Martes 3-4-2018, Octava de Pascua (Jn 20,11-18)

 

«“¿Mujer, por qué lloras?” Ella les contesta: “Porque se han llevado a mi Señor y no sé dónde lo han puesto”». Tras el descubrimiento del sepulcro abierto y vacío, todas las mujeres volvieron corriendo a Jerusalén a contar a los apóstoles lo ocurrido. Todas, menos una: María Magdalena. Ella no puede despegarse de su Señor, no puede abandonarle en este último trance. Por eso, es ella la que se queda junto al sepulcro, llorando no sólo la muerte, sino la desaparición del cuerpo de Jesús. Parece que ni enterrado le dejaron los judíos en paz. La escena es verdaderamente conmovedora y llena de ternura. Nadie es capaz de consolar a la Magdalena en su llanto por la asuencia del amor de su vida. Ni siquiera los ángeles son capaces de ofrederle una palabra de aliento en su dolor. María llora con amargura la muerte del Maestro; ¿y tú y yo hemos derramado lágrimas al contemplar a Jesús muerto, yaciendo en un sepulcro? Porque es en este momento de soledad, y no en el tiempo de las grandes multitudes, cuando hay que dar la cara por Jesús.

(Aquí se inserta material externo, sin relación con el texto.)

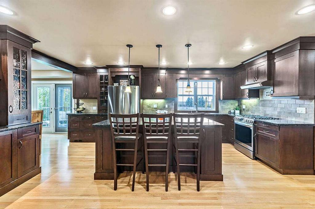 Stunning 17.57-Acre Equestrian Ranch with Bungalow, Cabins & Dream Shop – Just 40 Minutes from South Calgary. Welcome to your dream property—where country charm meets incredible versatility. Nestled on 17.57 beautifully maintained acres, this remarkable ranch offers endless opportunities for horse enthusiasts, business-minded entrepreneurs, or contractors in need of exceptional space and amenities. The 2,372 sq ft (above grade) bungalow exudes warmth and comfort, featuring a crackling wood-burning stove, a cozy gas fireplace, and breathtaking views of the Rocky Mountains. Stay cool in the summer with central A/C, and enjoy a chef’s kitchen designed for entertaining—complete with granite countertops, elegant cabinetry, a spacious island, and abundant storage. With 4 spacious bedrooms and 2 dedicated offices, there’s room for work, rest, and everything in between. The rustic finished separate lower living area, with private entrance offers a peaceful retreat. Step outside and explore a wide array of versatile outbuildings—ideal for storing tractors, RVs, boats, horse trailers, or hay. The main shop is a showstopper, featuring commercial-grade HOTSY car wash system, full drainage, laundry room & lockers. Horse lovers will fall in love with the exceptional equestrian amenities, including 350\' x 150\' outdoor arena, 110\' x 70\' sand arena, 50’ round pen. Three barns with power, heat, and water, two corral systems with continuous metal panels and automatic waterers, tack room with water power and heat. Exercise track and natural spring-runoff creek for year-round enjoyment. The beautifully landscaped grounds feature apple and pear trees, vibrant flower gardens, a 60’ x 60’ vegetable garden, and two greenhouses—perfect for the green thumb in the family. All of this located just 40 minutes from south Calgary, offering the ideal blend of rural tranquility and urban accessibility. This one-of-a-kind property is more than just a home—it’s a lifestyle.

«Ella da media vuelta y ve a Jesús, de pie, pero no sabía que era Jesús». Creo que casi tendríamos que pedir permiso para acercarnos a esta escena tan intensa, llena de finura y delicadeza de Jesús. El segundo encuentro del resucitado es el más íntimo, personal y vibrante que nos han transmitido los Evangelios. Jesús se aparece a aquella mujer adúltera que había perdonado y salvado de la lapidación, a la que le ungió los pies con perfume y lágrimas antes de padecer, a la que le acompañó hasta los pies de la Cruz. Ella había dado su vida por Él, hasta el punto de no poder separarse de su tumba. Y Jesús le sale al encuentro, pero sin revelarse, aumentando todavía más el deseo y el anhelo de María. Él espera, aguarda el momento oportuno, se esconde detrás de las ventanas cerradas para rondar al alma que está en vela. María no lo sabía, pero Él estaba ahí. Y como a ella, se acerca discretamente a cada persona para llamar a las puertas del alma que ama: “¿Qué tengo yo, que mi amistad procuras? / ¿Qué interés se te sigue, Jesús mío, / que a mi puerta, cubierto de rocío, / pasas las noches del invierno oscuras?” (Lope de Vega).

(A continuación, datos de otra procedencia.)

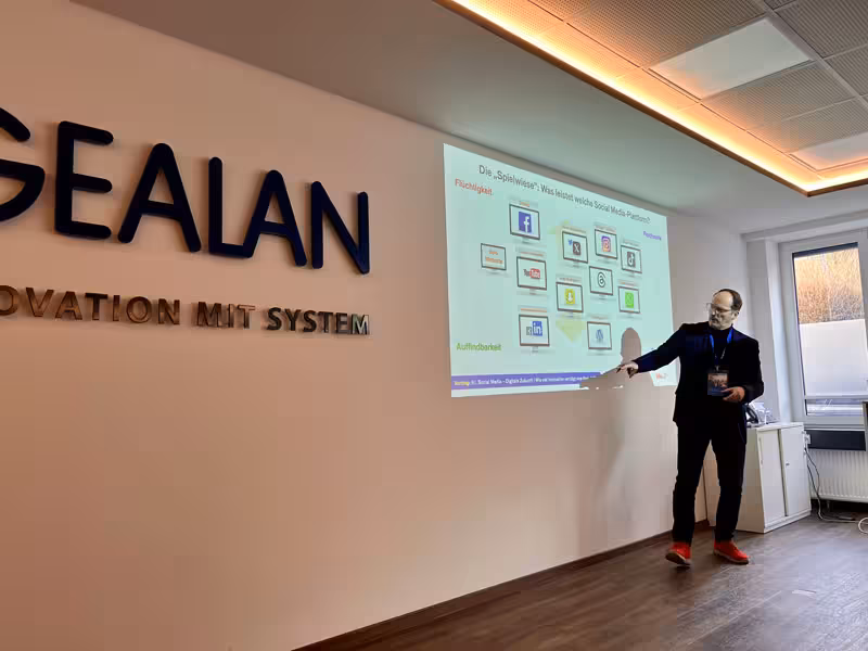 Kai Heddergott, communications consultant from Münster, then gave an overview of the development of common communication and social media tools, which have undergone noticeable change and changed acceptance over the last 20 years. For the guests of the GEALAN Entrepreneur Day, he had helpful tips in his luggage on which channels they should concentrate and with what effort and how they could also benefit from the support of artificial intelligence.

«Jesús le dice: “¡María!”. Ella se vuelve y le dice: “¡Maestro!”». Pero Jesús ya no puede esperar más. Y se descubre de la manera más maravillosa que uno puede imaginar: pronunciando el nombre de María. Cuando éramos niños, no nos hacía falta volvernos para saber que era nuestra madre la que nos estaba llamando. Todo, su timbre de voz, su dulzura, su forma de pronunciar las sílabas… nos indicaban que era ella. Con Jesús pasa lo mismo. La Magdalena reconoció al instante esa voz que tantas veces la había llamado por su nombre, ese nombre que nadie pronuncia como Él. Su voz inconfundible resuena en los oídos de María como resonó aquel “tampoco yo te condeno”. Y resonó porque ella había guardado en lo profundo de su corazón el recuerdo de aquella voz que un día le perdonó y salvó.